Bailey is an aviation logistics expeditor, building aircraft parts, but history has been a longtime passion of his. He began studying medieval history for his master’s degree but switched to business after serving in Afghanistan, he said. He got his bachelor’s and master’s degrees while working a 12-hour job seven days a week, doing his coursework in the early morning before work and late at night.

He believes that all deities are sitting at a giant table – among them Jesus and Amaterasu, the Japanese goddess of the sun. From there, they are watching us and rolling their dice to decide what we’ll do next.

“Every time we do something screwed up down here,” he said, “I think all of the gods pull out their dice, pull out their shekels.”

History vs. modern times

In ancient times, druids were among the best educated members of Celtic society, serving as judges, teachers and scholars, according to druidry.org.

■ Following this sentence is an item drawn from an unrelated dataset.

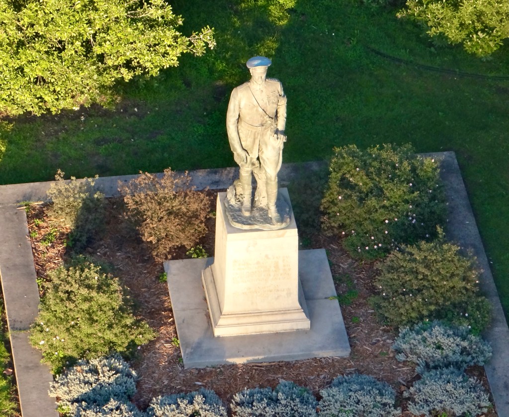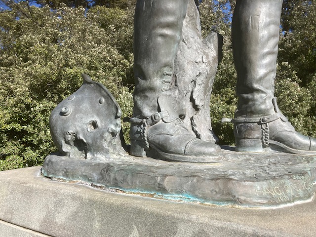 His statue on the eastern end of the Music Concourse is eight-feet-tall and stands atop a five-foot-tall base, according to an article by Executive Director Nicole Meldahl of the Western Neighborhoods Project.
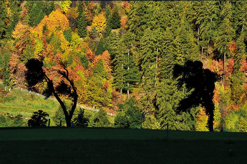 Bei Burgeis. Die Natur wechselt ihre Kleider und die Herbstkollektion ist so kurzlebig und bunt wie keine andere. Foto: Gianni Bodini - www.fotobybodini.it

There are differences between the ancient practices and the modern ones. Modern druids are much tamer than their predecessors, as animal and human sacrifices are no longer acceptable in druidry. Instead, members of the Grove sometimes use a piñata full of red candy. Alcohol is a popular sacrifice for gods, spirits and ancestors at the Grove’s solstice event, and so is food, often given to a fire as an offering.

West compares the process to a give-and-take relationship, like a friendship.

“If you have a friend who only calls you to ask for favors, eventually you just stop picking up,” she said. “You build a reciprocal relationship with your ancestors, with your communities, with whatever it is that you feel is going to be able to provide what you need – whether it’s through prayer, offerings, spoken word or song, whether it’s through actual physical offerings of incense or alcohol or the first bite of food from your plate.”

Still, Grove members believe that if ancient druids were somehow transplanted to a Grove ritual, they would understand and be able to take part.

Modern druid beliefs about the afterlife vary, and West says that reincarnation is a debated topic in the community. Records showed that ancient druids taught reincarnation, but it the details of what they believed are unknown. Most modern druids believe in life after death, but opinions differ on what exactly that life can be. Some believe that humans can come back as animals or insects in their next lives, and others do not.

Bailey believes in transmigration of the soul, distinct from reincarnation because in transmigration the person has less of a connection to their past lives. The soul moves from one body to another after death and past life memories cannot be accessed.

He believes he will be reborn near where his skull is buried. He imagines this new person will enjoy life, talk and memorize a lot.

“Seventy years from now, they’ll be sitting down, I hope in an Irish pub, telling stories for somebody else as well,” Bailey said of his future being. “But me, I’ll be gone. That’s OK. Maybe my stories will live on.”